Exercise aim: Lines below starting with the line with "2025旅途滤色照 · 用镜头收藏山河的呼吸" and going on through the line with "können Sie ein" must be output exactly; the rest of the records must be left out.

---------- Excerpted records ----------

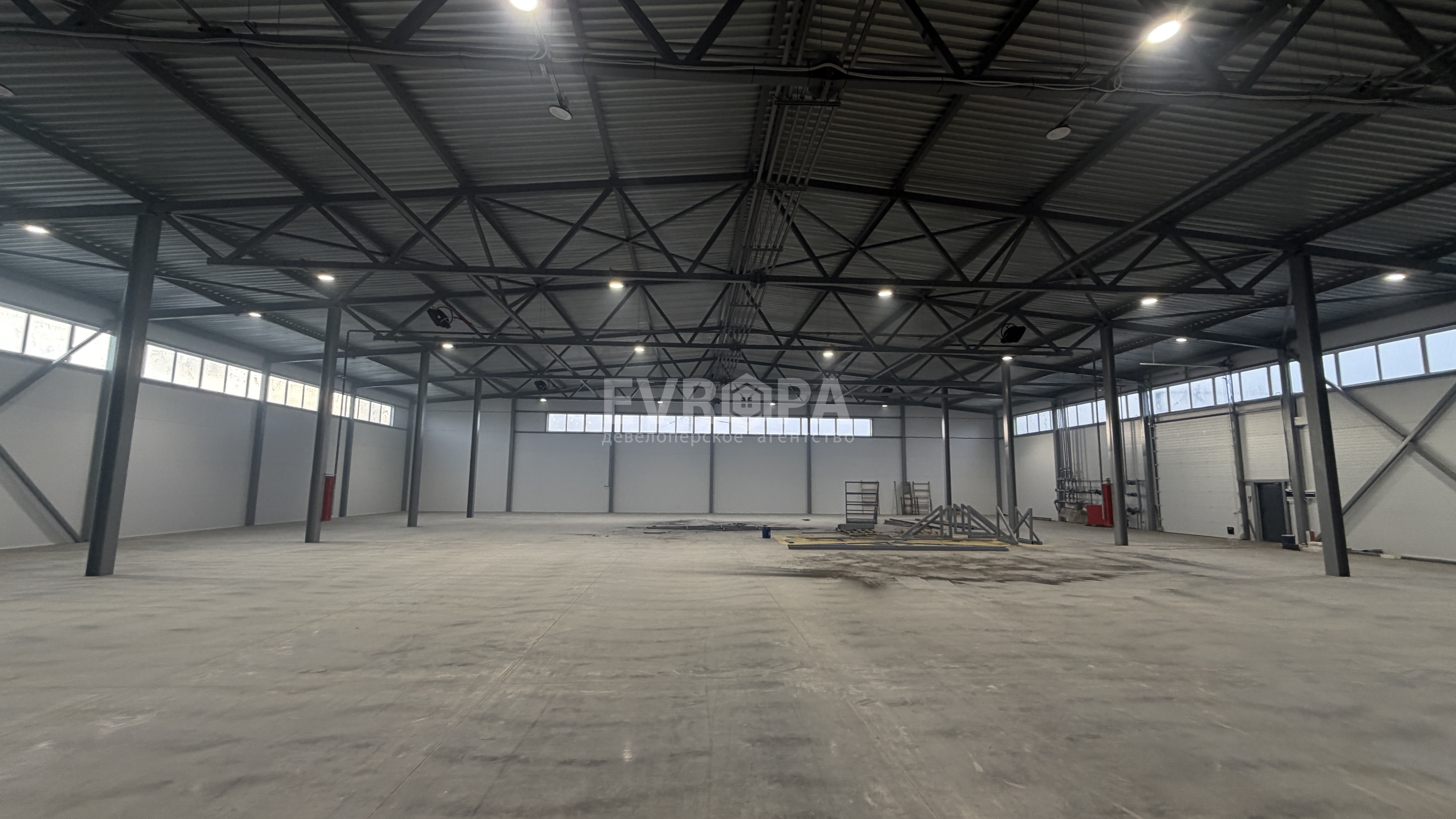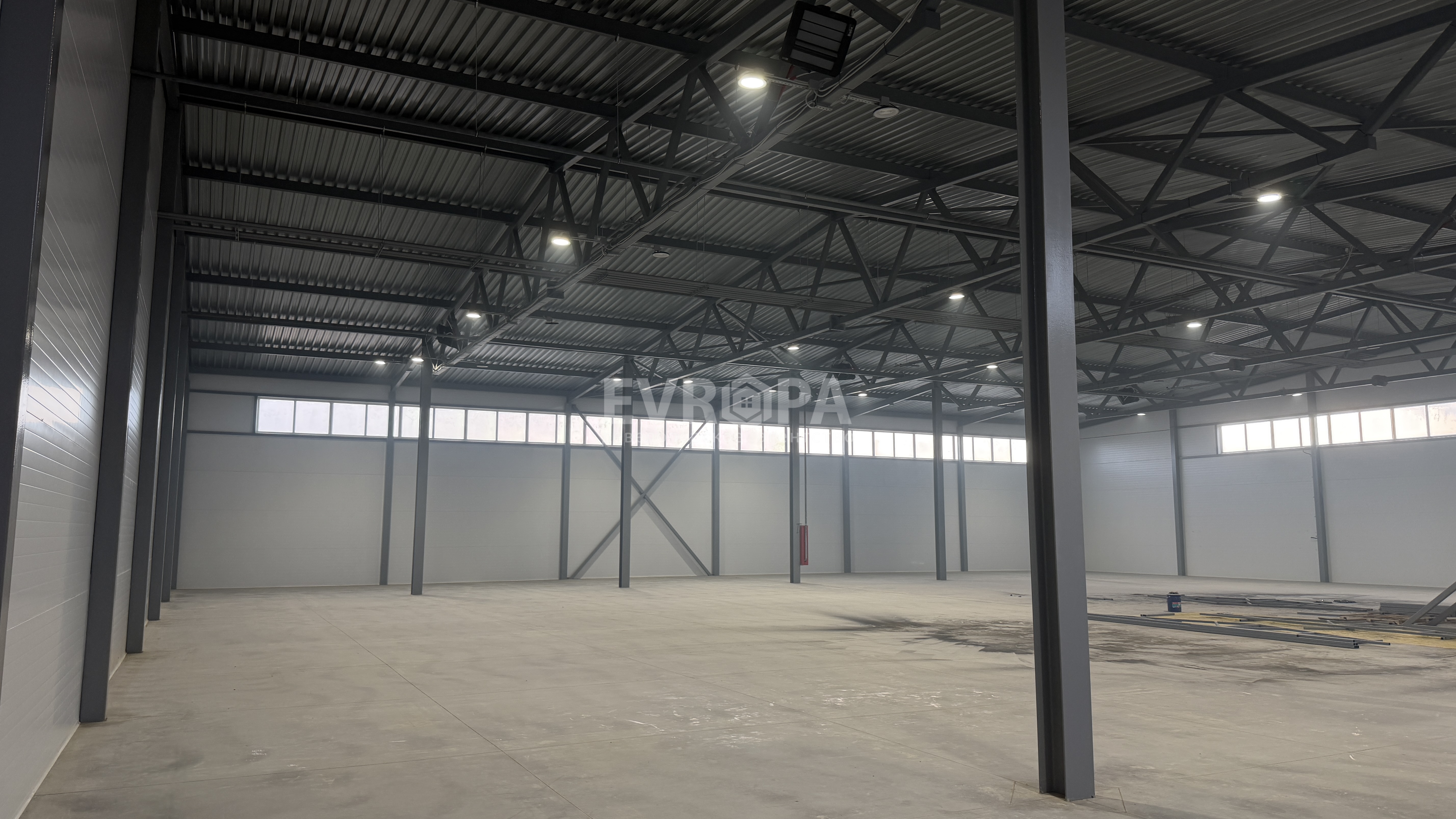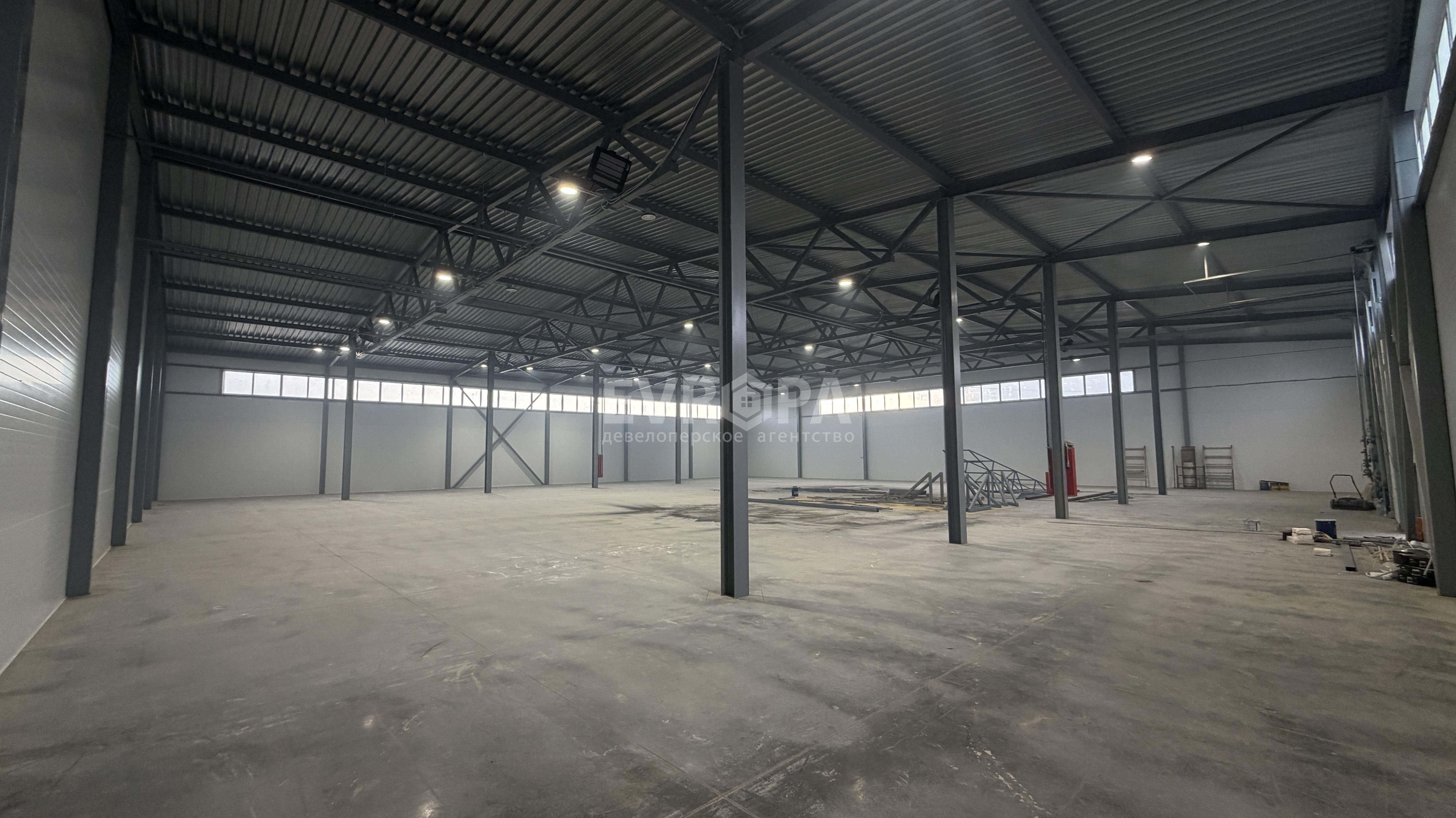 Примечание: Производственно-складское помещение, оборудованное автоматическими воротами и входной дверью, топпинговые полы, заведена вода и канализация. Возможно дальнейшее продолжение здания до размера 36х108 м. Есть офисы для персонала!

----------
---------- Excerpted records ----------

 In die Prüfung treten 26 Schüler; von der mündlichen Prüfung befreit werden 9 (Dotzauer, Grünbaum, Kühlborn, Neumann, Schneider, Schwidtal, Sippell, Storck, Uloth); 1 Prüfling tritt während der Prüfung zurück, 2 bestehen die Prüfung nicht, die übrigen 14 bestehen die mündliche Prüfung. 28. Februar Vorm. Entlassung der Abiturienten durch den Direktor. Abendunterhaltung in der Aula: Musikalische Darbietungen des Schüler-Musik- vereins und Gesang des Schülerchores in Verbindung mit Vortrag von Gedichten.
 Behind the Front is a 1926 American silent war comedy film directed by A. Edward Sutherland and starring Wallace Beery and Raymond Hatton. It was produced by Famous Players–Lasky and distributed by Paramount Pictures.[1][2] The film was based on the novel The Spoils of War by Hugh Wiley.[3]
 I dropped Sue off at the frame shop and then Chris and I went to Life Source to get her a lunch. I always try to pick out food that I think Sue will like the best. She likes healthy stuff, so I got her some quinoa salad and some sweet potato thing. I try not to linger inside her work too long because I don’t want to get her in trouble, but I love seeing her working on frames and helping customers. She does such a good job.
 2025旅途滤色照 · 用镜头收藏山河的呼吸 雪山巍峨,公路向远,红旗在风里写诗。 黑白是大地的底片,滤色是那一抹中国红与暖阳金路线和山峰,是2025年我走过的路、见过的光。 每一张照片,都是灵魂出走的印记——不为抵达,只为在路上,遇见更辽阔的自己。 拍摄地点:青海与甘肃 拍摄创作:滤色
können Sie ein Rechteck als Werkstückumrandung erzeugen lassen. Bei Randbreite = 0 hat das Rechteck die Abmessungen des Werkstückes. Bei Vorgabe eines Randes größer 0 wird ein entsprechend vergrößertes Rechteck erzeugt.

----------
---------- Excerpted records ----------

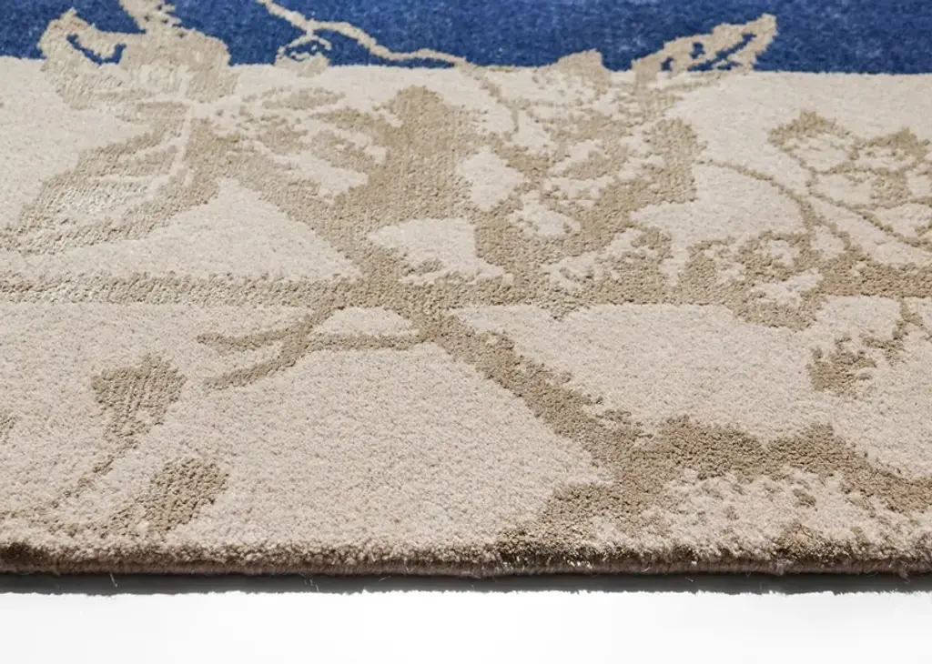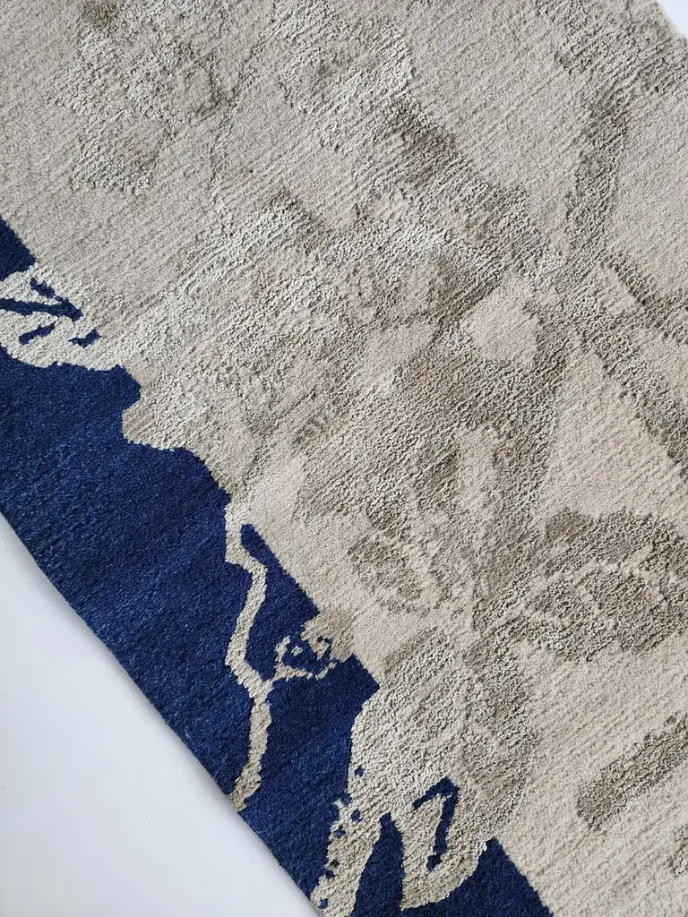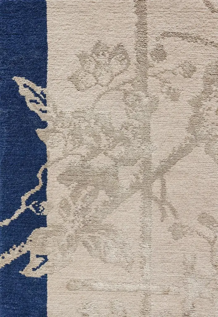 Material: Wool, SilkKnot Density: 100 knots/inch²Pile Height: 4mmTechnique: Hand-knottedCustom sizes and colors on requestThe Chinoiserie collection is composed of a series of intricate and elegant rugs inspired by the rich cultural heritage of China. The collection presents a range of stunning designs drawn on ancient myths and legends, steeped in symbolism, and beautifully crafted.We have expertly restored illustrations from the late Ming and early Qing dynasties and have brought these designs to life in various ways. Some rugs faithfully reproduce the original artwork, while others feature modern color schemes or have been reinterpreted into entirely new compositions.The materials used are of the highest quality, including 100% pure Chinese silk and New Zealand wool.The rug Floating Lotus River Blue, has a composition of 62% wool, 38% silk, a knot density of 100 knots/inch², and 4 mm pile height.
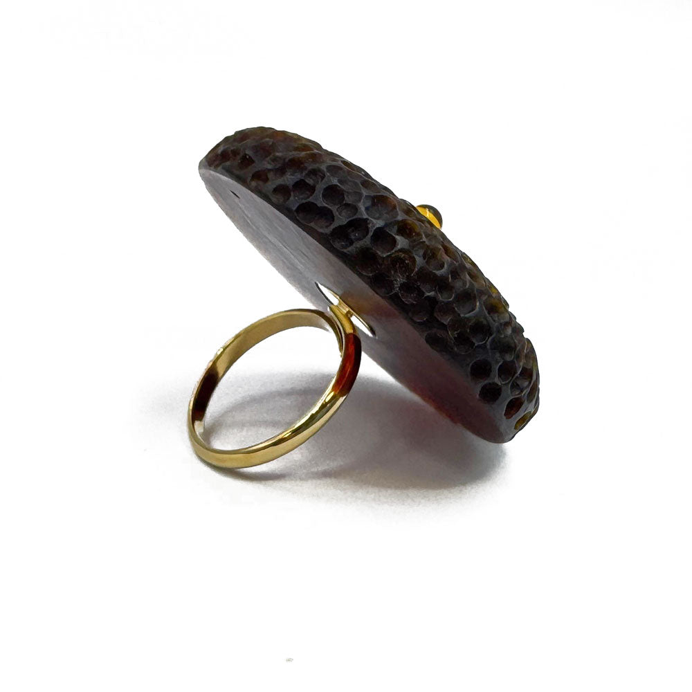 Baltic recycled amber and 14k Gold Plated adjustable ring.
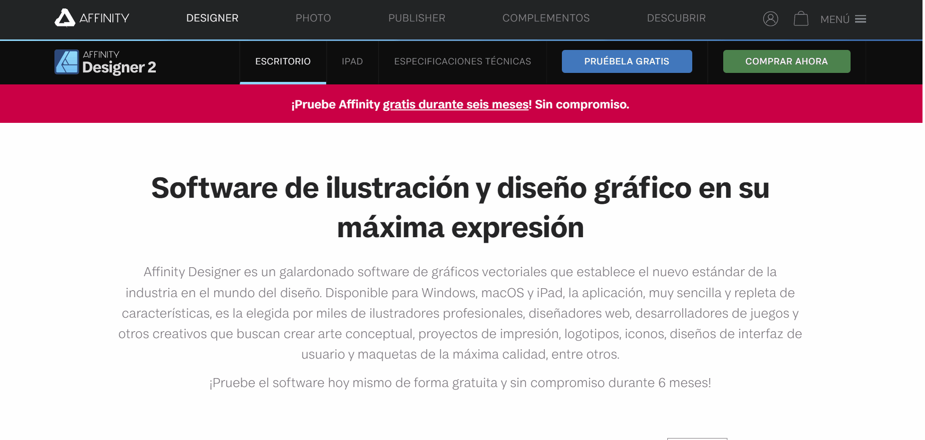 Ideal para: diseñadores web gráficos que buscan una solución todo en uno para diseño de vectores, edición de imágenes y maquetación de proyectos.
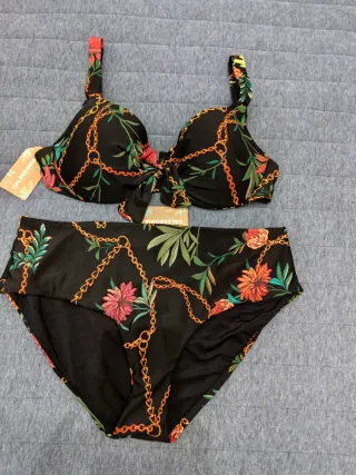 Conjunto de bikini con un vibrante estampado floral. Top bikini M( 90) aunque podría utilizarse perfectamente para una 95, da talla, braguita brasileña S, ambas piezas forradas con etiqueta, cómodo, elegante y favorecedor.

----------

Answer:
 2025旅途滤色照 · 用镜头收藏山河的呼吸 雪山巍峨,公路向远,红旗在风里写诗。 黑白是大地的底片,滤色是那一抹中国红与暖阳金路线和山峰,是2025年我走过的路、见过的光。 每一张照片,都是灵魂出走的印记——不为抵达,只为在路上,遇见更辽阔的自己。 拍摄地点:青海与甘肃 拍摄创作:滤色
können Sie ein Rechteck als Werkstückumrandung erzeugen lassen. Bei Randbreite = 0 hat das Rechteck die Abmessungen des Werkstückes. Bei Vorgabe eines Randes größer 0 wird ein entsprechend vergrößertes Rechteck erzeugt.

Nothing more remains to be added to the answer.